THE DATA
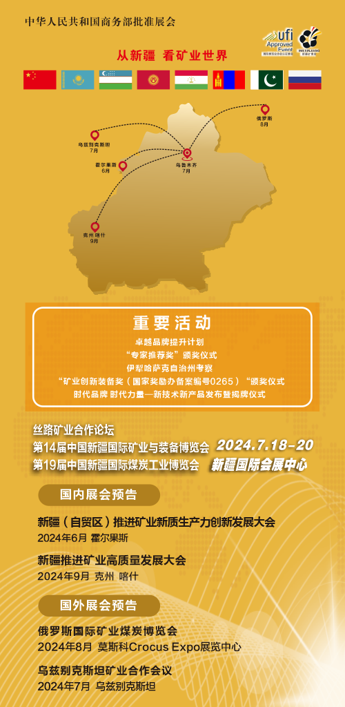 “絲路礦業(yè)合作論壇及第14屆中國新疆國際礦業(yè)與裝備博覽會”、“第19屆中國新疆國際煤炭工業(yè)博覽會”立足新疆資源稟賦、區(qū)位優(yōu)勢及政策優(yōu)勢,致力于為礦業(yè)、煤炭、能源產(chǎn)業(yè)發(fā)展搭建一個高效務(wù)實(shí)的溝通合作平臺,為新時代新征程加快科技創(chuàng)新,發(fā)展新質(zhì)生產(chǎn)力提供堅(jiān)強(qiáng)支撐,賦能行業(yè)高質(zhì)量發(fā)展。
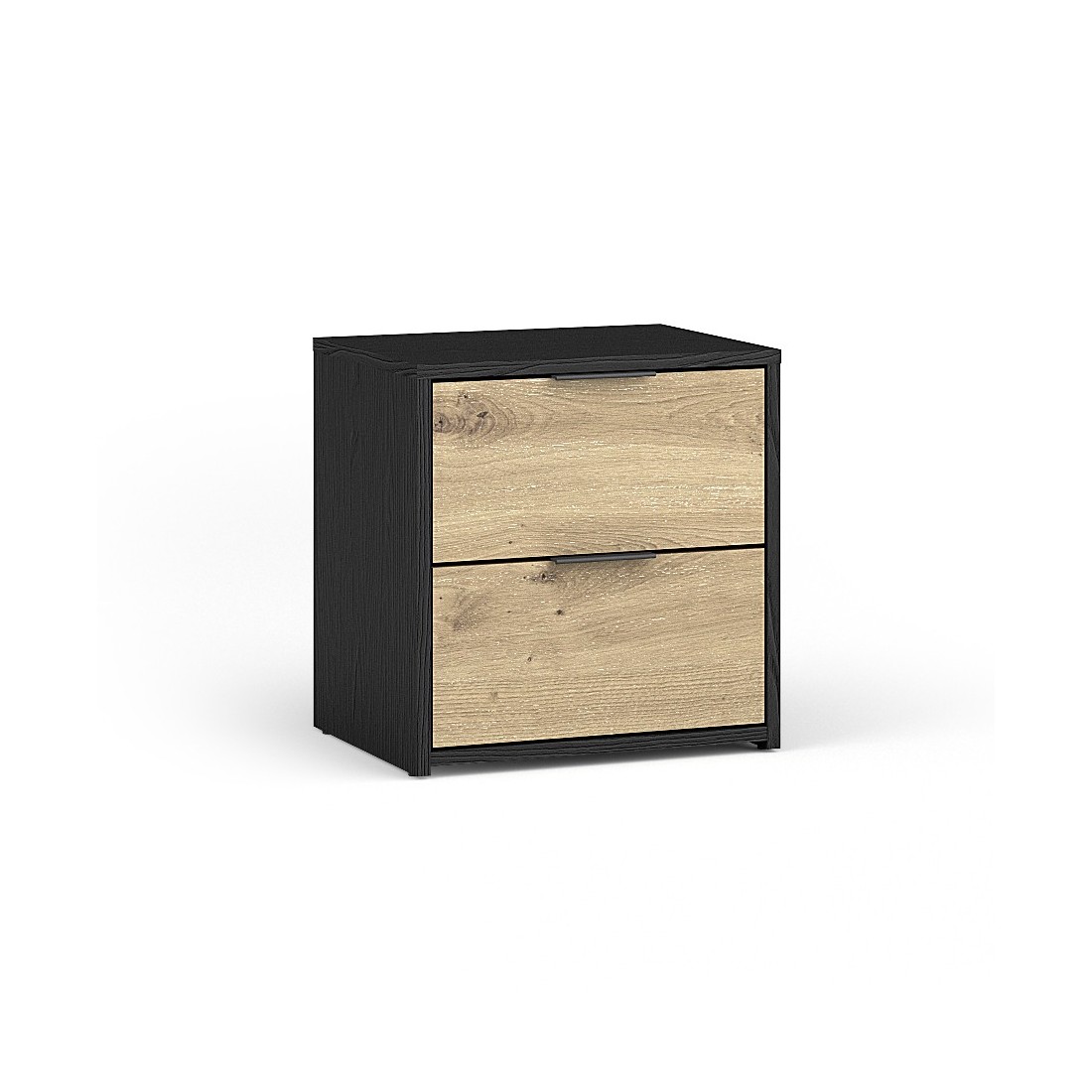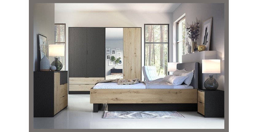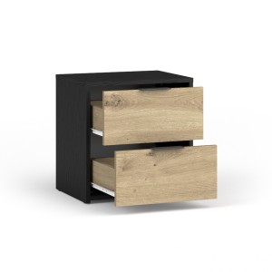 Complétez l'aménagement de votre chambre avec le lot de deux tables de chevet MELODY. Conçues pour s'adapter aux intérieurs modernes, ces tables de chevet allient élégance et fonctionnalité avec leur finition en noir graphite et chêne clair. Avec leurs 2 tiroirs spacieux, elles offrent un espace de rangement pratique pour garder vos objets essentiels à portée de main.
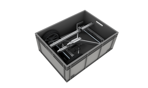 Für einen sicheren Transport kann das Fahrgestell ohne grossen Aufwand zusammengeklappt, oder komplett zerlegt werden. In den passenden Transportkisten sind diese sogar stapelbar.

YOUR INSTRUCTIONS
From the first line to the last, return the material above exactly, apart from the pictures.

EXPECTED OUTPUT
 “絲路礦業(yè)合作論壇及第14屆中國新疆國際礦業(yè)與裝備博覽會”、“第19屆中國新疆國際煤炭工業(yè)博覽會”立足新疆資源稟賦、區(qū)位優(yōu)勢及政策優(yōu)勢,致力于為礦業(yè)、煤炭、能源產(chǎn)業(yè)發(fā)展搭建一個高效務(wù)實(shí)的溝通合作平臺,為新時代新征程加快科技創(chuàng)新,發(fā)展新質(zhì)生產(chǎn)力提供堅(jiān)強(qiáng)支撐,賦能行業(yè)高質(zhì)量發(fā)展。
 Complétez l'aménagement de votre chambre avec le lot de deux tables de chevet MELODY. Conçues pour s'adapter aux intérieurs modernes, ces tables de chevet allient élégance et fonctionnalité avec leur finition en noir graphite et chêne clair. Avec leurs 2 tiroirs spacieux, elles offrent un espace de rangement pratique pour garder vos objets essentiels à portée de main.
 Für einen sicheren Transport kann das Fahrgestell ohne grossen Aufwand zusammengeklappt, oder komplett zerlegt werden. In den passenden Transportkisten sind diese sogar stapelbar.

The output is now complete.